Delinquent Parents is a 1938 American crime film directed by Nick Grinde and written by Nicholas T. Barrows and Robert St. Claire. The film stars Doris Weston, Maurice Murphy, Helen MacKellar, Terry Walker, Richard Tucker and Charlotte Treadway. The film was released on July 15, 1938, by Progressive Pictures.

Plot
In the closing days of the Great War, Edith Ellis secretly marries Charles Wharton Jr., a young army lieutenant from an influential family. The Armistice of 11 November 1918 occurs just prior to her husband's sailing to France, his influential family successfully seeks to have their weakling son's marriage annulled. Edith is injured in an automobile accident with Edith and her family keeping her pregnancy secret, putting her child up for adoption.

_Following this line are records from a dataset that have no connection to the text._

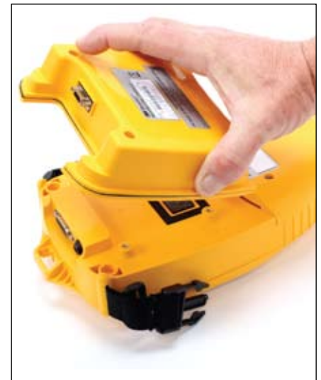
3M™ Dynatel™ All-in-one Modem Module VDSL2

VDSL AUTO mode automatically connects at the highest possible connect rate/service type (i.e. VDSL2, VDSL, ADSL2+)
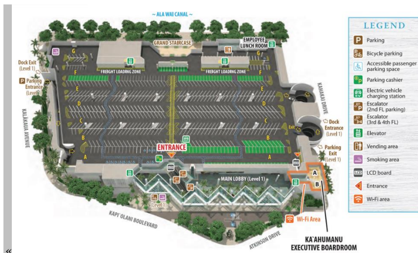
Parking Level Overview 1

(Identify or describe, if appropriate, size, location, dimensions, or other pertinent information, such as geotechnical reports; site, boundary and topographic surveys; traffic and utility studies; availability of public and private utilities and services; legal description of the site; etc.)
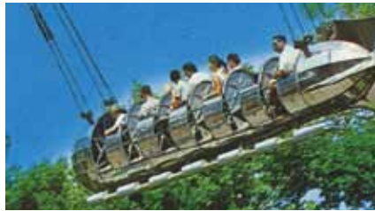
And then there's the one about the Rocket Car landing at the Terminal Tower.

Didn't happen. Have never been able to find any news story about any such thing happening either—and you know that if this had happened, the headlines would've been HUGE!
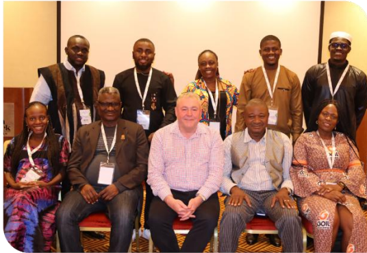
Risk Based Internal Audit - Dubai 2022
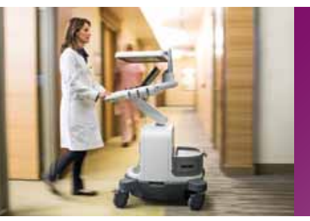
Philips Affiniti 50 features a tablet-like touchscreen and intelligently located, centralized controls, as well as an industry-leading, 54.6 cm fold-down monitor for easy mobility.
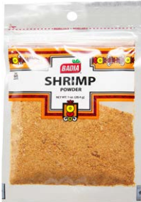
SHRIMP POWDER - 00286 12/1 OZ
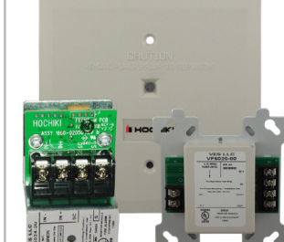
FAST RESPONSE CONTACT MODULES FAST RESPONSE CONTACT MODULES

The CO, COHb, Smoke, & Heat Multi-Criteria Sensor is particularly suited for detecting smoke produced by a wide range of combustibles found in various applications. Temperature monitoring is achieved by a thermistor placed for optimum sensitivity. The sensor is also suited for detecting deadly levels of CO.

Edith's daughter is adopted and raised as Carol Caldwell, but in a fit of rage her adoption is revealed to her circle of friends by her former friend. Shamed by not knowing she was adopted, Carol cruelly turns her back on her adopted parents and works as a nightclub singer where she attracts a young crowd to the establishment. Carol's adopted parents turn to their friend Edith Ellis, now an unmarried Judge who doesn't know that Carol is really her daughter.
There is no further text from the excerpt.